Se nos acabó el mantra del año que viene; el año que viene ya ha venido, es el 2021, y sabemos la herencia que nos deja: muchos problemas acumulados –tal vez es verdad que siempre coinciden–, pero también muchos problemas remansados para cumplir a lo largo de los próximos doce meses. La realidad es que tenemos al mundo patas arriba. Quienes se empeñan en descubrir otros planetas y asaltarlos, quizás harían mejor en intentar arreglar antes el que habitamos.
De momento, volverlo más saludable y enseguida más pacífico. Este es un propósito recalcitrante y frustrante. La historia nos enrojece ante el fracaso. Este 2021 empieza con la lacra de los conflictos armados y activos de Siria, Yemen y Libia. Otros esperan para estallar. Como decía un sabio norteamericano, el hombre es incapaz de vivir en paz. En estos días próximos nos libraremos del belicoso Trump, lo cual es un buen indicio.
Falta que pueblos, etnias, intereses y religiones se percaten de la conveniencia de llevarnos bien. Todavía no metabolizamos que a cañonazos no se resuelve nada. Al final, todos los conflictos y tensiones se arreglan hablando. Así deberían metabolizarlo los yihadistas que nos atemorizan y matan o los fanáticos que se eternizan sin margen para la negociación.

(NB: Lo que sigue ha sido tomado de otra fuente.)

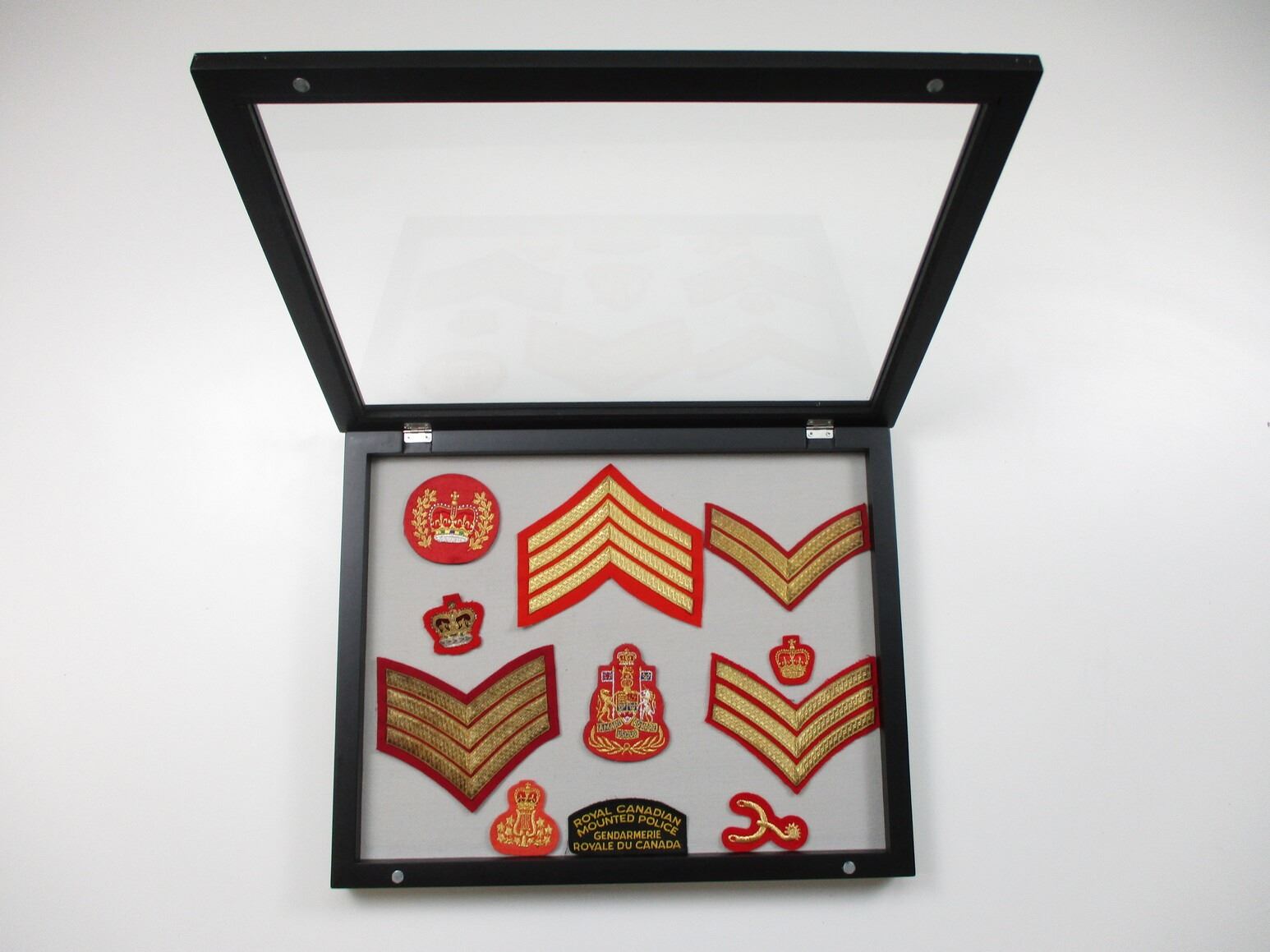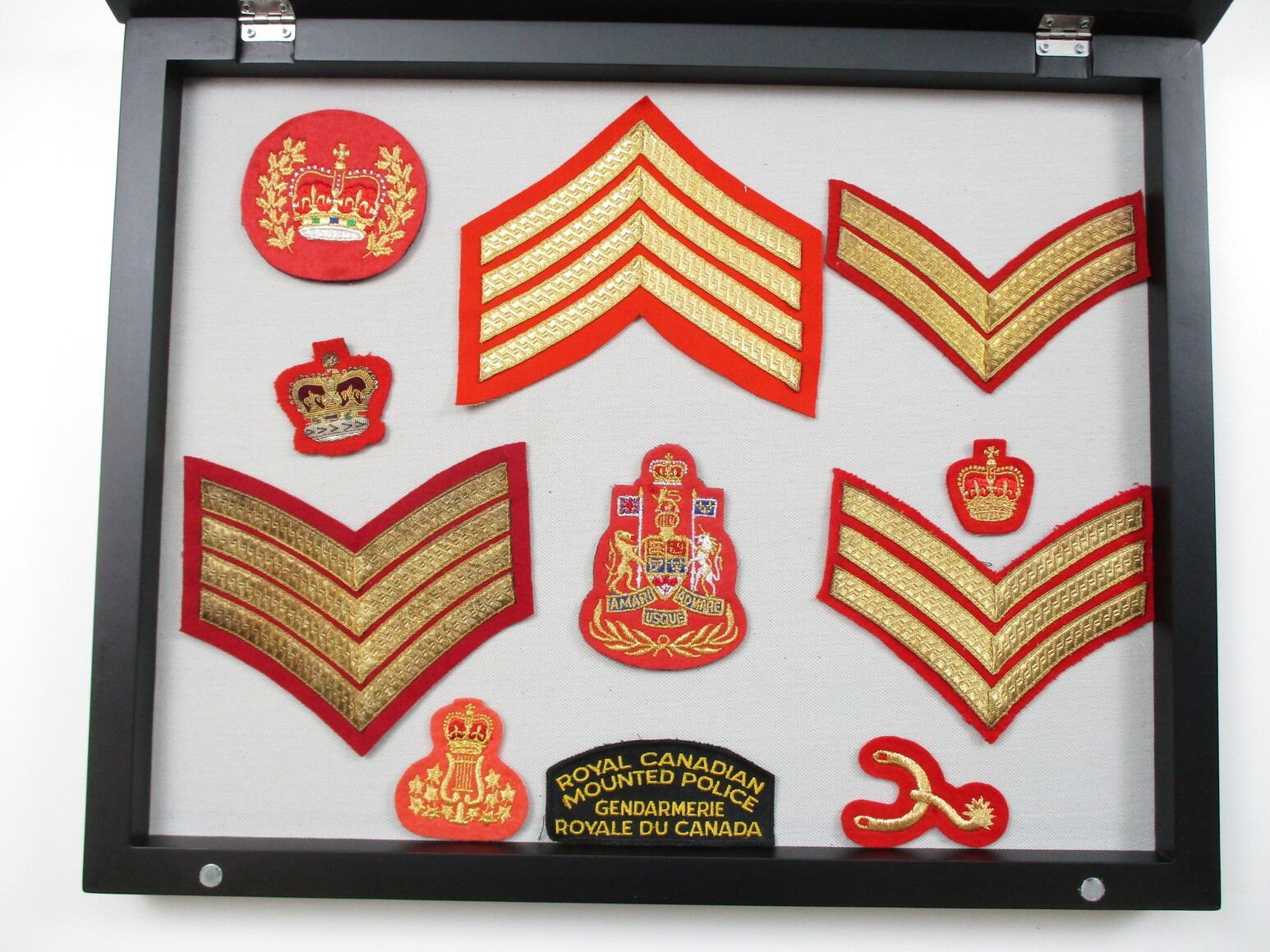 RCMP BADGE LOT, (11) ROYAL CANADIAN MOUNTED POLICE BADGES WITH DISPLAY CASE, INCLUDES; RANKS, TRADE, ETC., VARIOUS YEARS, CASE IS APPROX. 19.5" X 15.5" X 2". SEE PHOTOS. *NO GUARANTEE ON GLASS FOR SHIPPING*

Marruecos y el Polisario, los israelíes y los palestinos, los saudíes y los iraníes, los indios y los pakistaníes, los kurdos y los turcos, lo mismo que las facciones sirias, las guerrillas libias o los bandos disputándose el poder en Sudán del Sur, yemeníes, libaneses, todos harían un servicio a la humanidad arreglándose y evitando dolor y muerte.